Former Nigerian Vice President, Alhaji Atiku Abubakar, has said the brutal murder of a former member of the House of Representatives, Hon. Abba Anas Adamu, by bandits, is an indictment of the President Bola Tinubu administration.
New Telegraph recalls that the former lawmaker was reportedly abducted by bandits along the Kaduna-Abuja highway on May 3 this year, and died in captivity nine days later, despite desperate efforts by his family to secure his release.
Atiku, in a press statement issued by the Senior Special Assistant on Public Communication, Phrank Shaibu, said the former lawmaker’s death is yet another grim reminder of the worsening security under the Tinubu administration.
“Nigeria is under siege,” the former vice president stated, adding that it is either the Tinubu administration is overwhelmed, indifferent, or incompetent in the face of the national security emergency.
He wondered about the hope of an ordinary Nigerian for protection, if a former member of the National Assembly could be abducted on a highway and die in captivity.
“This is no longer about isolated incidents. It is now a horrifying pattern. Nigerians are being kidnapped from highways, farms, communities, even their homes, while the government continues to issue sterile statements and recycled assurances that bear no resemblance to the lived reality of our people,” Atiku stated.
He noted that under Tinubu’s administration, insecurity has evolved from a crisis into a national routine, adding that a government that cannot secure its highways cannot claim to govern.
“A government that watches citizens get hunted like prey has failed the most elementary test of leadership,” the former vice president said, regretting that the Abuja-Kaduna corridor and surrounding routes have remained notorious theatres of terror despite repeated promises, security budgets running into trillions, and endless propaganda about progress by the government.
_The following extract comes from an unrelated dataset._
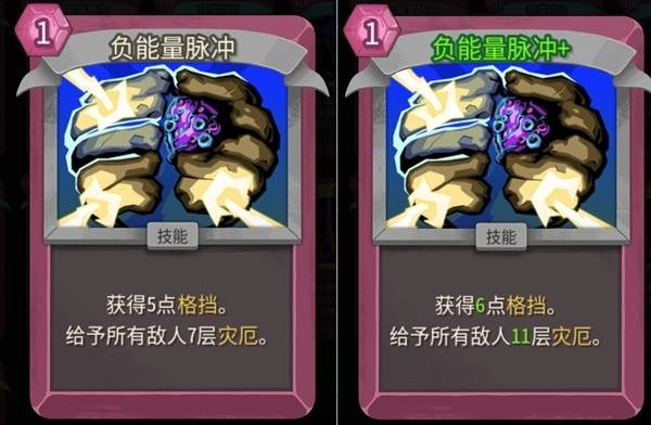 负能量脉冲:消耗1点费用,基础效果是叠加5点护甲并对群体造成7点灾厄伤害;升级后叠加6点护甲,群体灾厄伤害提升至11点。前期阶段,它的数值表现较为普通,由于此时敌人血量通常不高,往往能直接攻击击杀,对群体灾厄的需求较低。不过,其同时具备叠甲和叠加灾厄的特性,与灾厄体系的核心机制高度契合。进入中期后,随着战斗节奏加快、敌人强度提升,它的性能优势逐渐显现,实际使用体验十分顺畅。前期若缺乏灾厄类卡牌,可考虑入手;中期即便已有其他灾厄牌,若有多余卡位,也值得纳入构筑。要是能在高叠甲的同时保持较低的灾厄层数(便于后续灾厄效果的叠加爆发),那它的作用将达到最大化。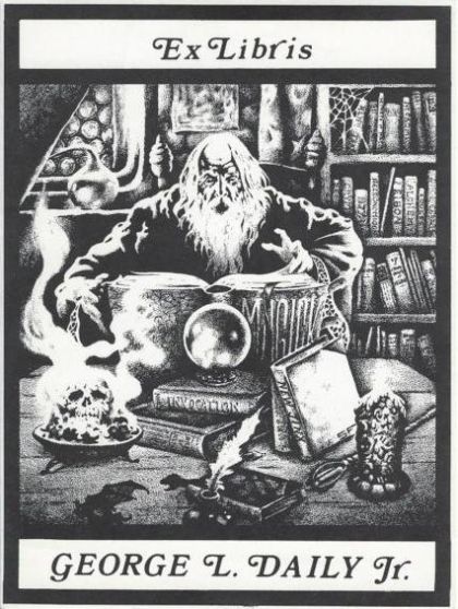 Bookplate-George L. Daily-Spooky Wizard in Library-

Atiku demanded to know the security strategy of the Tinubu administration, and reminded the president that no amount of political spin can deodorise his failure to secure the country.
According to him, a nation where former lawmakers die in captivity while criminals operate with audacity is a nation in distress.
He told the president that what Nigerians need is not another condolence message, but decisive leadership, coherent action, and measurable results.
Atiku extended his condolences to the family of the deceased, the people of Jigawa State, and all Nigerians who continue to suffer the devastating consequences of worsening insecurity, while urging the Federal Government to treat the nation’s security collapse as the emergency it truly is.”